Solution: Energy of the photon (E = hf): First, calculate the frequency of the light: c = fλ, so f = c/λ f = (3 x 10⁸ m/s) / (400 x 10⁻⁹ m) = 7.5 x 10¹⁴ Hz E = hf = (6.63 x 10⁻³⁴ J.s) x (7.5 x 10¹⁴ Hz) = 4.97 x 10⁻¹⁹ J Maximum kinetic energy (Ek(max) = hf - W₀): Convert the work function from eV to Joules: W₀ = 3.0 eV x (1.6 x 10⁻¹⁹ J/eV) = 4.8 x 10⁻¹⁹ J Ek(max) = 4.97 x 10⁻¹⁹ J - 4.8 x 10⁻¹⁹ J = 0.17 x 10⁻¹⁹ J Stopping Potential (eVs = Ek(max)): Vs = Ek(max) / e = (0.17 x 10⁻¹⁹ J) / (1.6 x 10⁻¹⁹ C) = 0.106 V Example 2: A certain metal has a threshold frequency of 5.0 x 10¹⁴ Hz. Calculate the work function of the metal in Joules. If light with a frequency of 8.0 x 10¹⁴ Hz is shone on the metal, what is the maximum velocity of the emitted photoelectrons?
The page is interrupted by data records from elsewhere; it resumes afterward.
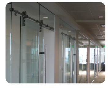
TVS Sliding Interior Door System Private Law Firm Seattle, WA Glazing Contractor: Eastside Glass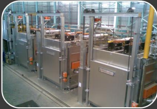
Foil Annealing Furnaces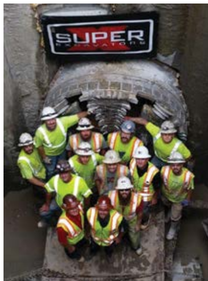
Break out at PM 16 receiving pit celebrated by SEI crew after completion of curved tunnel drive with an Akkerman SL74 MTBM

Once design was approved for curve approach, SEI purchased a VMT navigation system to assist with the MTBM guidance. VMT was a big contributor to the success of the curved microtunnel, as they provided onsite survey support for the duration of construction. Said Kolster: "VMT was critical in making this successful."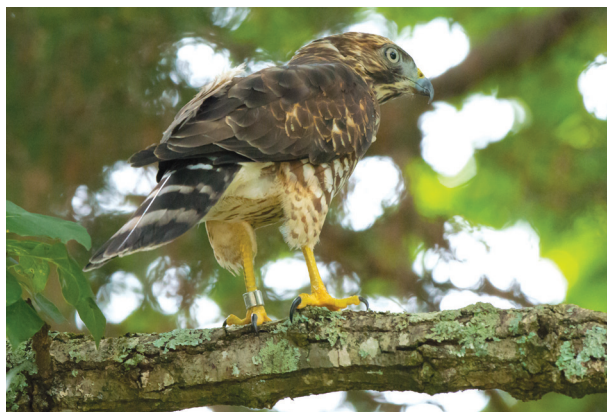
Broad-winged Hawk banded and released by the Carolina Raptor Center.

Solution: Work Function (W₀ = hf₀): W₀ = (6.63 x 10⁻³⁴ J.s) x (5.0 x 10¹⁴ Hz) = 3.315 x 10⁻¹⁹ J Maximum Velocity (Ek(max) = ½mv²): First, calculate the maximum kinetic energy: Ek(max) = hf - W₀ Ek(max) = (6.63 x 10⁻³⁴ J.s) x (8.0 x 10¹⁴ Hz) - 3.315 x 10⁻¹⁹ J Ek(max) = 5.304 x 10⁻¹⁹ J - 3.315 x 10⁻¹⁹ J = 1.989 x 10⁻¹⁹ J Now, use Ek(max) = ½mv² to find v: v = √(2Ek(max) / m) where m is the mass of an electron (9.11 x 10⁻³¹ kg) v = √(2 x 1.989 x 10⁻¹⁹ J / 9.11 x 10⁻³¹ kg) = √(4.367 x 10¹¹) = 6.61 x 10⁵ m/s Example 3: The work function of potassium is 2.3 eV. Calculate the longest wavelength of light that will cause photoelectric emission from potassium.
Solution: Relationship between wavelength and frequency: We know that W₀ = hf₀ and c = f₀λ₀, where λ₀ is the threshold wavelength.
Therefore, f₀ = c/λ₀. Substituting for f₀, we get W₀ = hc/λ₀. We need to find λ₀. Solve for λ₀: λ₀ = hc/W₀ First convert work function to Joules: W₀ = 2.3 eV * 1.6 x 10⁻¹⁹ J/eV = 3.68 x 10⁻¹⁹ J λ₀ = (6.63 x 10⁻³⁴ J.s * 3 x 10⁸ m/s) / 3.68 x 10⁻¹⁹ J = 5.4 x 10⁻⁷ m = 540 nm Guided Practice (With Solutions)
Question 1: A metal has a work function of 2.5 e
V. What is the threshold frequency for this metal?
Solution: We know that W₀ = hf₀. Rearranging for f₀, we get f₀ = W₀/h.